Dataset excerpt: Begin

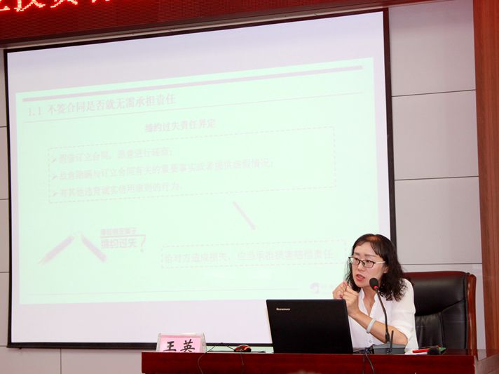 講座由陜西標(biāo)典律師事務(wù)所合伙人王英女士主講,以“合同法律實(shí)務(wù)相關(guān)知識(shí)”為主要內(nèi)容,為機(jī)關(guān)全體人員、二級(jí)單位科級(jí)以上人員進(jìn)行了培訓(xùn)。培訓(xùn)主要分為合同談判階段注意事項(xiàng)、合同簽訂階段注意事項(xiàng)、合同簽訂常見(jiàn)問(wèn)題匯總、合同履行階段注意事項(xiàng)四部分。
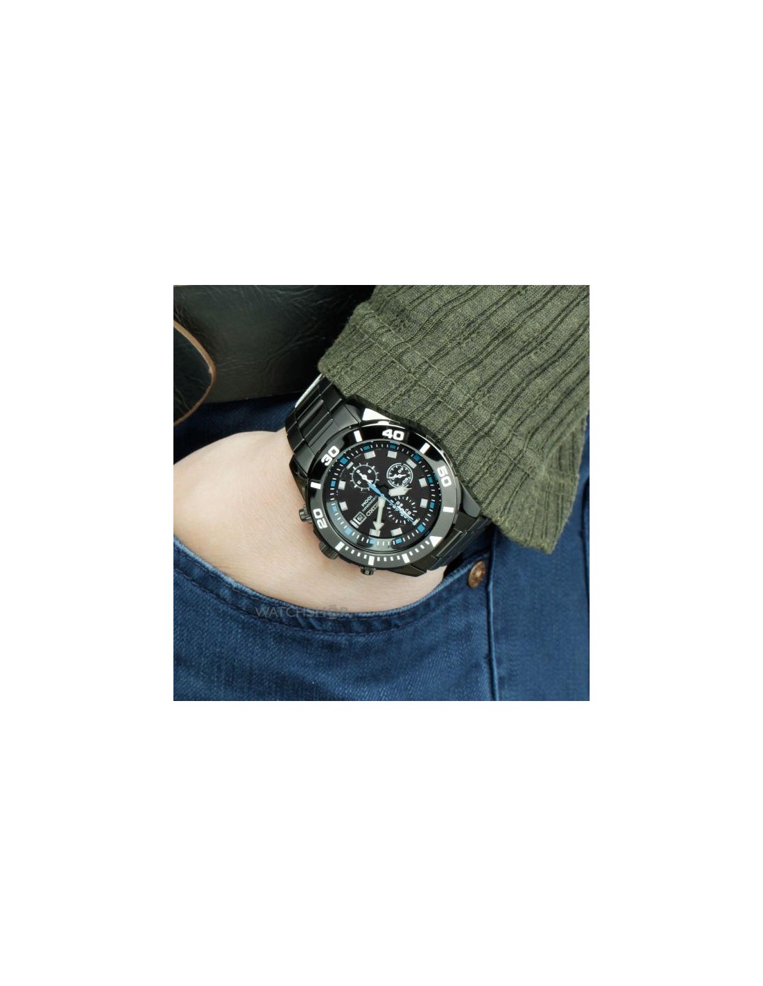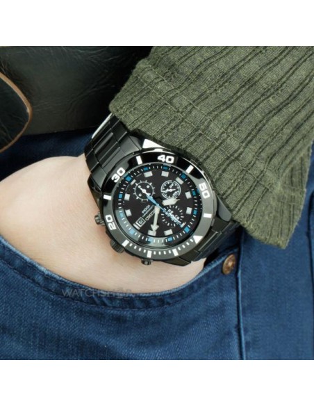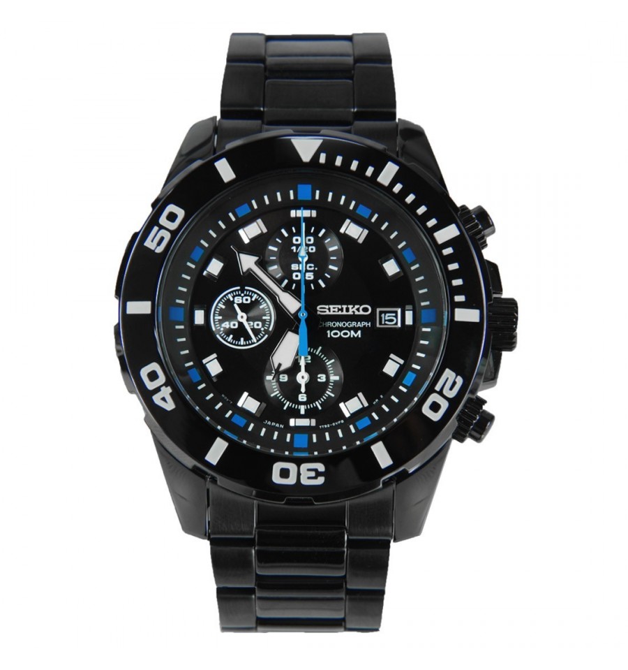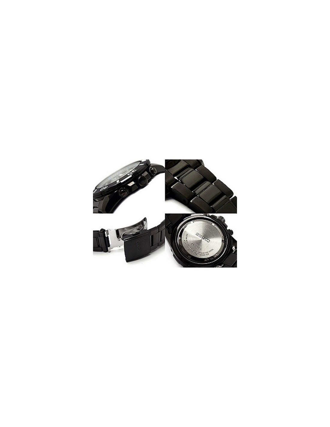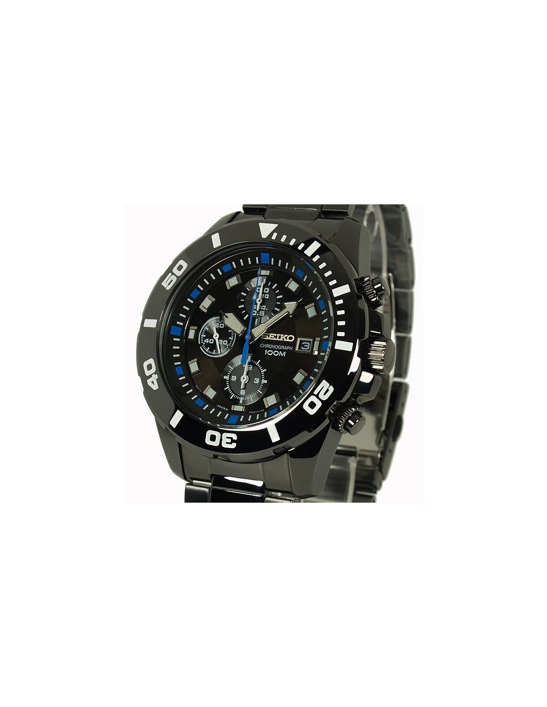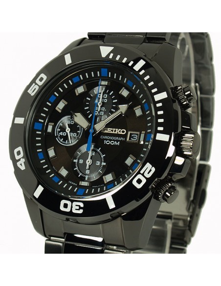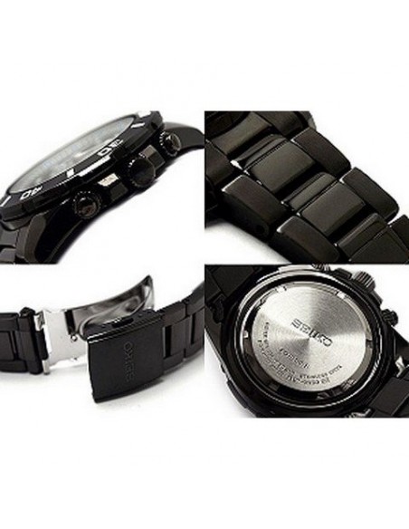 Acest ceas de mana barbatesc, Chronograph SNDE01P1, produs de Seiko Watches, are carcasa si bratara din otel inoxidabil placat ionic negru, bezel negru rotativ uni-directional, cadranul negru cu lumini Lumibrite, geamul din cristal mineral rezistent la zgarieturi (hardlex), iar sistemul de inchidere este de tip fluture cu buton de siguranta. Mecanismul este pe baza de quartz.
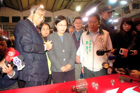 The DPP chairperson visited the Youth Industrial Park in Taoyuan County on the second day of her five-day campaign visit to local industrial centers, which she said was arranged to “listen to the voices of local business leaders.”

Dataset excerpt: End

From the line holding "Acest ceas de" to the final line of the data above, give each line again exactly, both ends included, and drop the pictures.

 Acest ceas de mana barbatesc, Chronograph SNDE01P1, produs de Seiko Watches, are carcasa si bratara din otel inoxidabil placat ionic negru, bezel negru rotativ uni-directional, cadranul negru cu lumini Lumibrite, geamul din cristal mineral rezistent la zgarieturi (hardlex), iar sistemul de inchidere este de tip fluture cu buton de siguranta. Mecanismul este pe baza de quartz.
 The DPP chairperson visited the Youth Industrial Park in Taoyuan County on the second day of her five-day campaign visit to local industrial centers, which she said was arranged to “listen to the voices of local business leaders.”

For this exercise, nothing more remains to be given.